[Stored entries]
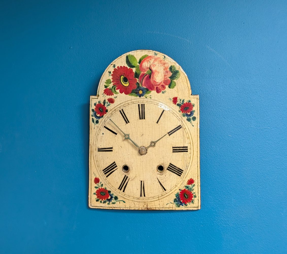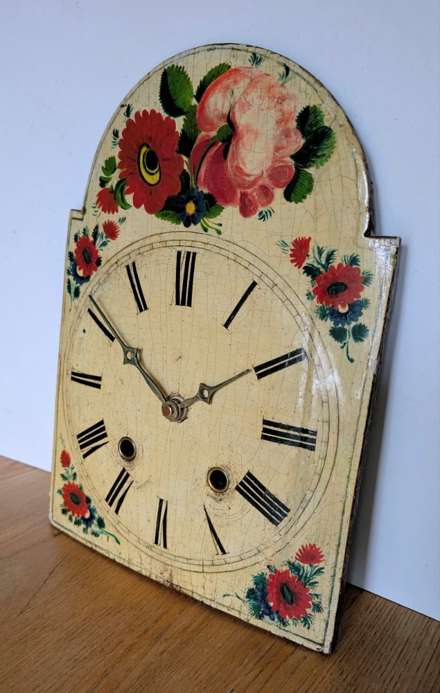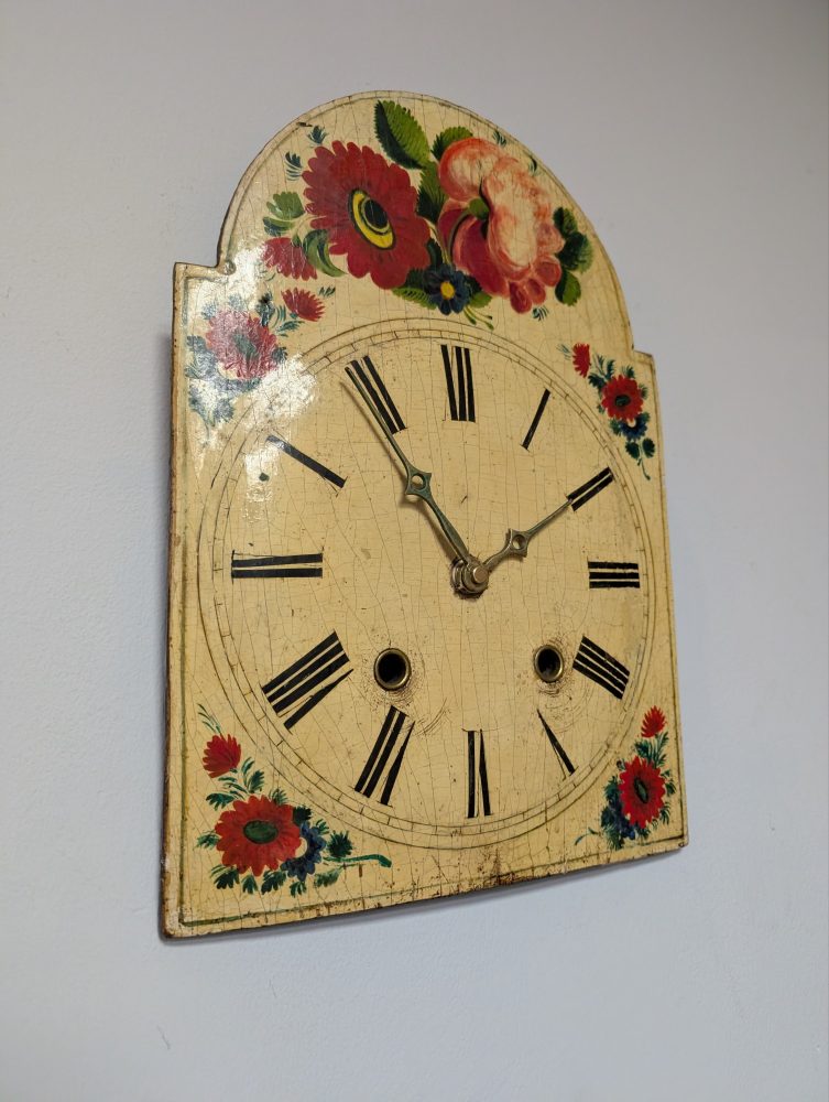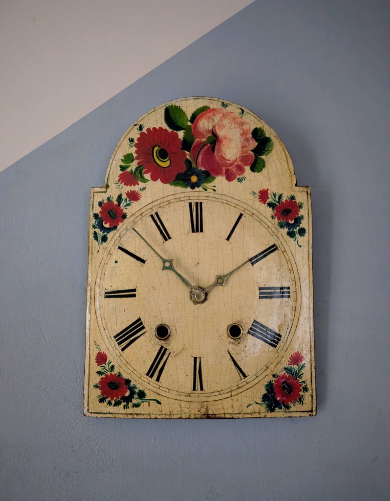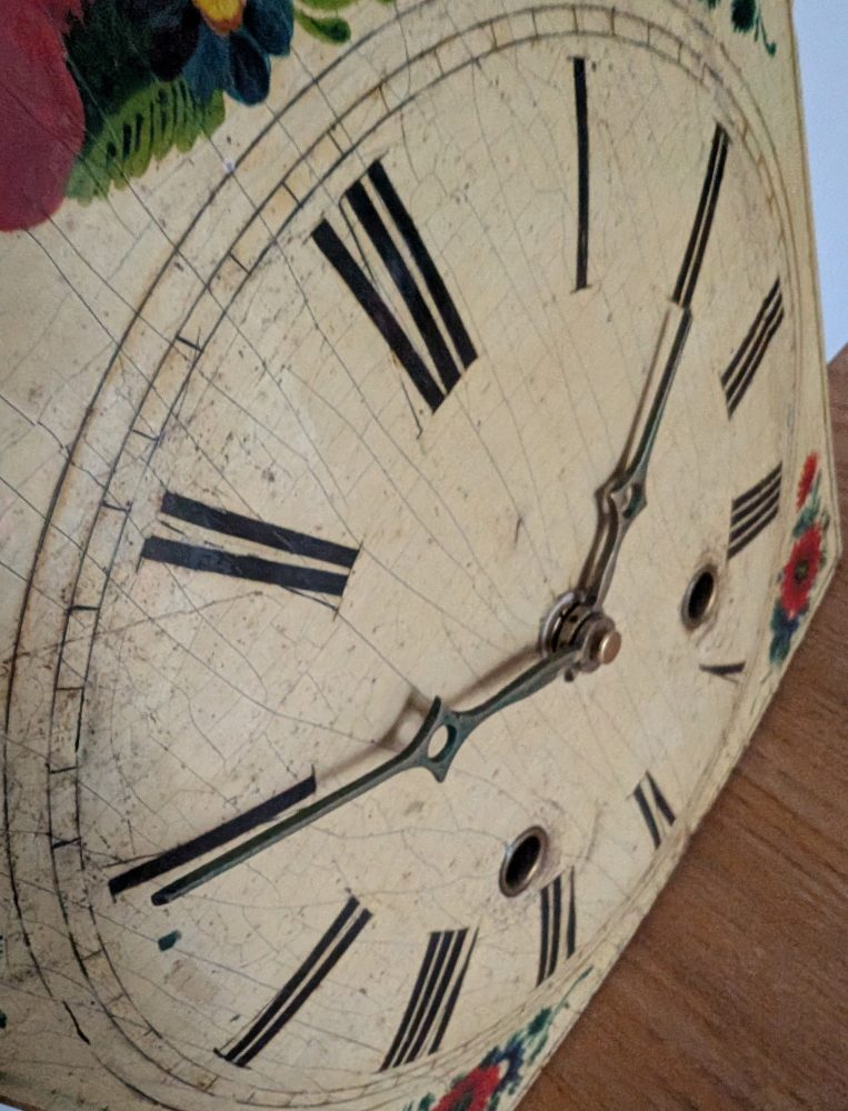 The clock, made some time around the late 19th – early 20th centuries had its original movement with wooden moving parts believe it or not, which according to my professional clock restorer was sadly well beyond saving, but he has managed to keep the hands in place with a brand new battery powered movement behind, so it keeps all its original beautiful looks, but needs no winding and runs silently.
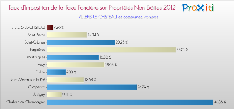 Pendant la même période, les communes françaises similaires à Villers-le-Château, ont vu leur taux de taxe foncière sur le non bâti baisser de 3.59 % en moyenne entre 2000 et 2012.
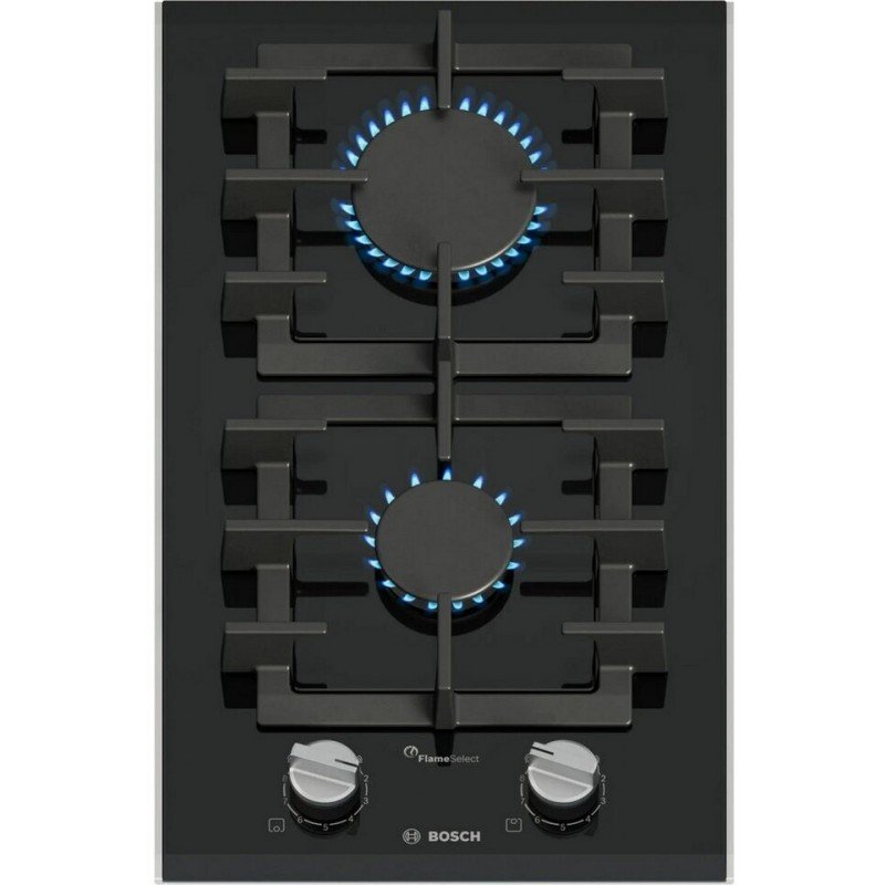 Plita incorporabila Bosch PRB3A6I40, 2 arzatoare, Flame select, 30 cm, Sticla neagra
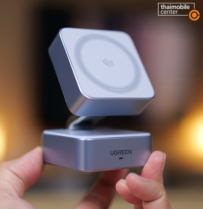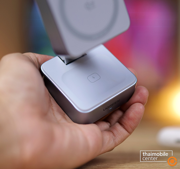 ผลิตภัณฑ์ตัวต่อมาก็คือ UGREEN MagFlow 2-in-1 Magnetic Wireless Charger 25W แท่นชาร์จแม่เหล็กไร้สายแบบตั้งโต๊ะที่มีความคล่องตัวสูง ด้วยน้ำหนักที่เบาเพียง 224 กรัม เรียกว่าเบากว่ารุ่นที่เป็นพาวเวอร์แบงก์เสียอีก รวมทั้งสามารถพับเก็บได้ กางออกได้ จึงเหมาะสำหรับการพกพาไปใช้งานนอกสถานที่ด้วย
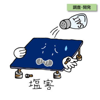 海風や波しぶきなどで含まれる塩分によって再生可能エネルギーの設備が腐食して錆びたりビスが外れたりしている塩害のイメージイラスト。
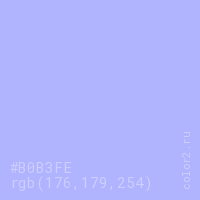 Цвет #B0B3FE в цветовой модели RGB обозначается тремя октетами (176, 179, 254) в десятичном формате и #B0B3FE в шестнадцатиричном (hex) формате, которые являются интенсивностью красного 176 (hex B0), интенсивность зелёного 179 (hex B3) и интенсивность синего 254 (hex FE).
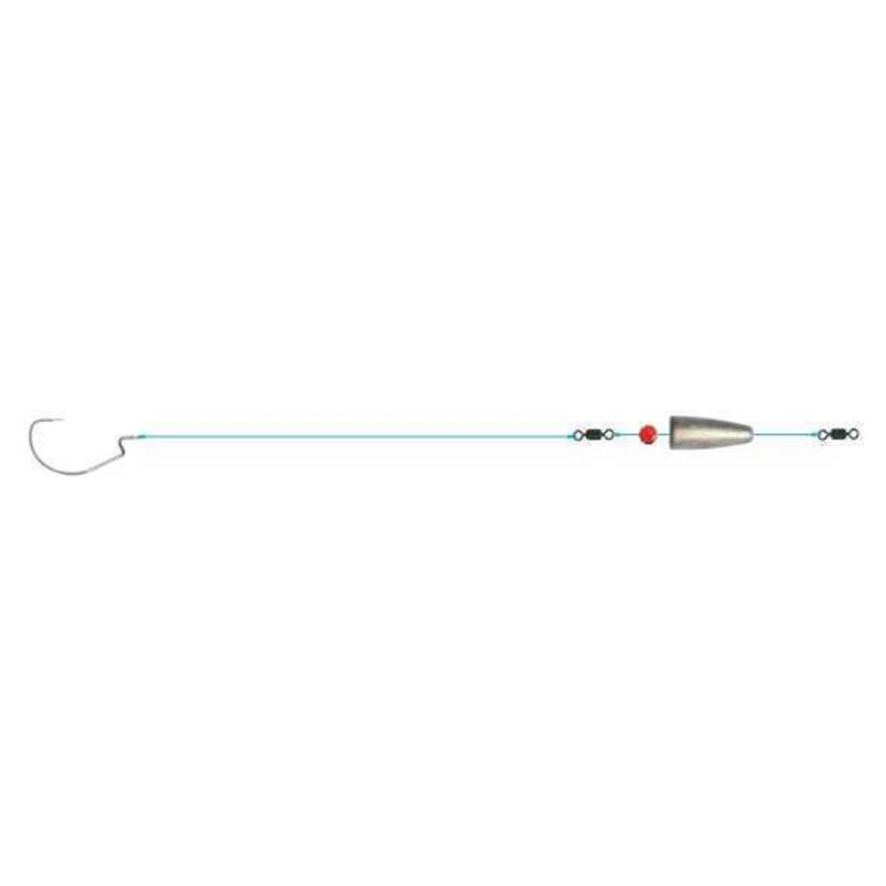 Kant-en-klare uitrusting voor het vissen met Carolina rigs, een zeer effectieve methode als de vis niet wil bijten. Maak een spinstop en laat de zinker op de bodem komen. Het kunstaas zal nu verleidelijk naar de bodem glijden. De offset haak maakt het mogelijk om in moeilijke omstandigheden te vissen.
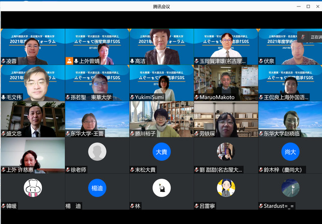 2021年3月27日“日本语言文化研究”学术研讨会顺利举办。本学术研讨会由304永利集团、名古屋大学人文学研究科和上海外国语大学日本文化经济学院三校联合主办。虽然去年因为疫情的影响而不得已暂停,但疫情阻止不了春天的脚步。今年会议在承办方上海外国语大学日本文化经济学院以及多方努力下采取线上的方式进行。共有来自中日两国多所高校50余位专家学者和研究生参会。
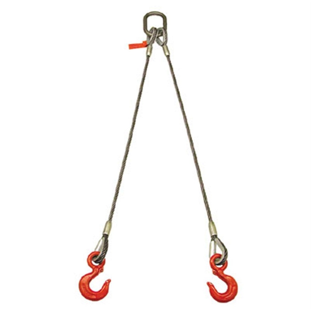 Канатный строп TOR 2СК г/п 10,0 т 4,5 м 1007283 чаще всего применяется при работе с длинными грузами для крепления в двух точках опоры. Обжим петель может происходить как с помощью зажима, так и методом заплетки. В петлю может быть установлен коуш для защиты от излома и стирания.
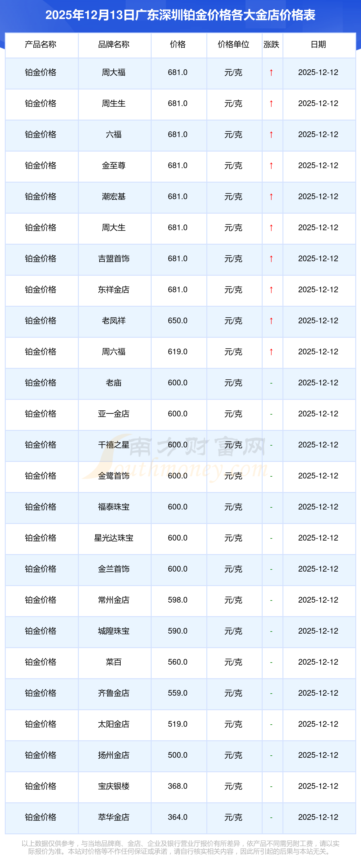 2025年12月13日广东深圳周大福、周大福、老凤祥、老凤祥、老庙、老庙、周生生、周生生、周大福、周大福、周大福等各大金店品牌铂金价格最新价格如下:周大福黄金价格1336.0元/克,周大福铂金价格681.0元/克,老凤祥黄金价格1337.0元/克,老凤祥铂金价格650.0元/克,老庙黄金价格1339.0元/克,老庙铂金价格600.0元/克,周生生黄金价格1338.0元/克,周生生铂金价格681.0元/克,周大福饰品金价(内地)1336.0元/克,周大福黄金饰品(香港)47410.0,周大福铂金价格(香港)19550.0。

• [Aim of the exercise]
Your copy should match the records above word for word, but without images.

• [Exercise output]
 The clock, made some time around the late 19th – early 20th centuries had its original movement with wooden moving parts believe it or not, which according to my professional clock restorer was sadly well beyond saving, but he has managed to keep the hands in place with a brand new battery powered movement behind, so it keeps all its original beautiful looks, but needs no winding and runs silently.
 Pendant la même période, les communes françaises similaires à Villers-le-Château, ont vu leur taux de taxe foncière sur le non bâti baisser de 3.59 % en moyenne entre 2000 et 2012.
 Plita incorporabila Bosch PRB3A6I40, 2 arzatoare, Flame select, 30 cm, Sticla neagra
 ผลิตภัณฑ์ตัวต่อมาก็คือ UGREEN MagFlow 2-in-1 Magnetic Wireless Charger 25W แท่นชาร์จแม่เหล็กไร้สายแบบตั้งโต๊ะที่มีความคล่องตัวสูง ด้วยน้ำหนักที่เบาเพียง 224 กรัม เรียกว่าเบากว่ารุ่นที่เป็นพาวเวอร์แบงก์เสียอีก รวมทั้งสามารถพับเก็บได้ กางออกได้ จึงเหมาะสำหรับการพกพาไปใช้งานนอกสถานที่ด้วย
 海風や波しぶきなどで含まれる塩分によって再生可能エネルギーの設備が腐食して錆びたりビスが外れたりしている塩害のイメージイラスト。
 Цвет #B0B3FE в цветовой модели RGB обозначается тремя октетами (176, 179, 254) в десятичном формате и #B0B3FE в шестнадцатиричном (hex) формате, которые являются интенсивностью красного 176 (hex B0), интенсивность зелёного 179 (hex B3) и интенсивность синего 254 (hex FE).
 Kant-en-klare uitrusting voor het vissen met Carolina rigs, een zeer effectieve methode als de vis niet wil bijten. Maak een spinstop en laat de zinker op de bodem komen. Het kunstaas zal nu verleidelijk naar de bodem glijden. De offset haak maakt het mogelijk om in moeilijke omstandigheden te vissen.
 2021年3月27日“日本语言文化研究”学术研讨会顺利举办。本学术研讨会由304永利集团、名古屋大学人文学研究科和上海外国语大学日本文化经济学院三校联合主办。虽然去年因为疫情的影响而不得已暂停,但疫情阻止不了春天的脚步。今年会议在承办方上海外国语大学日本文化经济学院以及多方努力下采取线上的方式进行。共有来自中日两国多所高校50余位专家学者和研究生参会。
 Канатный строп TOR 2СК г/п 10,0 т 4,5 м 1007283 чаще всего применяется при работе с длинными грузами для крепления в двух точках опоры. Обжим петель может происходить как с помощью зажима, так и методом заплетки. В петлю может быть установлен коуш для защиты от излома и стирания.
 2025年12月13日广东深圳周大福、周大福、老凤祥、老凤祥、老庙、老庙、周生生、周生生、周大福、周大福、周大福等各大金店品牌铂金价格最新价格如下:周大福黄金价格1336.0元/克,周大福铂金价格681.0元/克,老凤祥黄金价格1337.0元/克,老凤祥铂金价格650.0元/克,老庙黄金价格1339.0元/克,老庙铂金价格600.0元/克,周生生黄金价格1338.0元/克,周生生铂金价格681.0元/克,周大福饰品金价(内地)1336.0元/克,周大福黄金饰品(香港)47410.0,周大福铂金价格(香港)19550.0。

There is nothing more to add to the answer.